DAYTON — Following a deadly workplace shooting in the Miami Valley and just before the new school year starts, the News Center 7 I-Team is looking into safety and security inside our local businesses and schools and what’s being done to keep people safe from active shooters.
The I-Team’s lead investigative reporter, John Bedell, talked to a local company that trains teachers, students, business owners, and employees for those exact scenarios. This was part of the I-Team’s investigation into what’s being done to keep classrooms safe and save lives right here in the Dayton area.
We’ve seen school shootings in the Miami Valley in recent years – at Madison Junior/Senior High School near Middletown in 2016, at Liberty-Salem High School in Champaign County in 2017, and at Dennis Intermediate School in Richmond in 2018.
There’s also gun violence happening at work.
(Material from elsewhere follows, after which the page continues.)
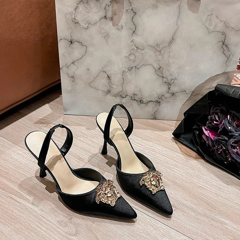 Gold Pendent Sling Back High Heel Pumps Inspired By Louis Vuitton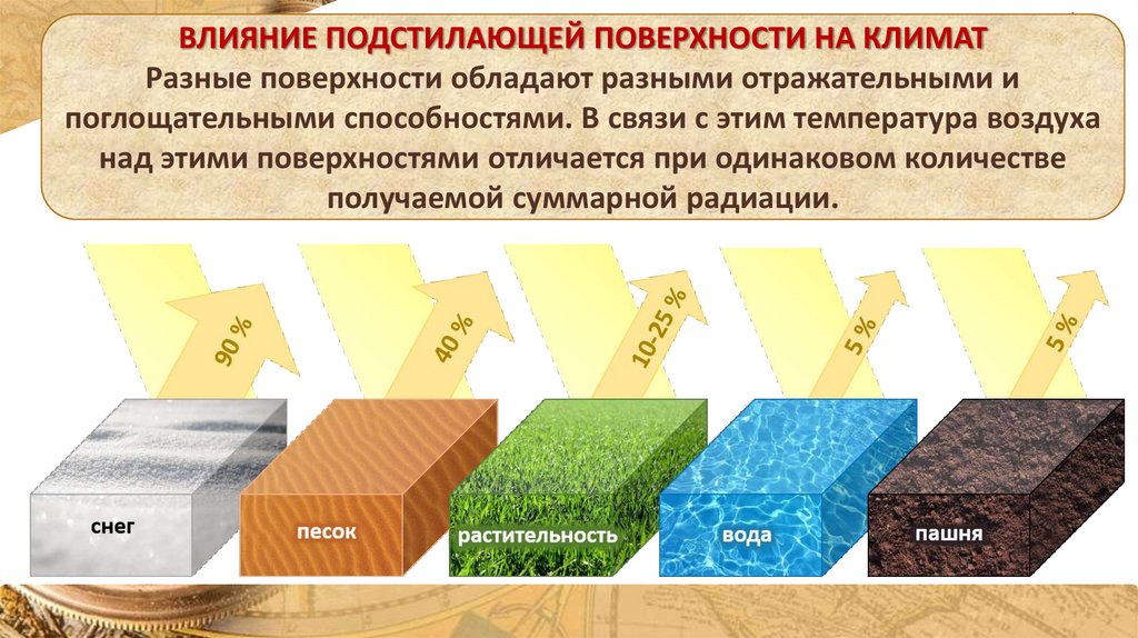 ВЛИЯНИЕ ПОДСТИЛАЮЩЕЙ ПОВЕРХНОСТИ НА КЛИМАТРазные поверхности обладают разными отражательными и

In May, a shooting after an argument at the DMAX plant in Moraine turned deadly.
Just days before the homicide at the DMAX plant, Randy O’Dell finished active shooter training with his 100 employees at Jaffe Decorating in Greenville.
“We all kind of looked at each other in our next management meeting and said, ‘Hey, you know, this could have happened here,’” O’Dell said. “No, we don’t want it to. And no, we don’t think it ever will. But if it ever were to happen here, we have to be able to react.”
And Jafe Decorating is not a space you’d expect employees to have to react to an active shooter. “We are strongly in the glass decorating business and very big in the candle industry,” O’Dell said. O’Dell is the president and owner of the decorative glass business that’s been operating in Greenville since 1978.
O’Dell told the I-Team his Darke County-based business put out 26 million pieces of glass in 2022. As he gave News Center 7 a tour of his facility earlier this month, O’Dell said he’s all about safety. “We handle millions and millions of pieces of glass every year so we’ve been very fortunate that we don’t have many cuts and we’ve never had any serious cuts,” O’Dell said as he reached out and knocked on a nearby wood table. “We do work with glass and do understand that there could be potential safety hazards.”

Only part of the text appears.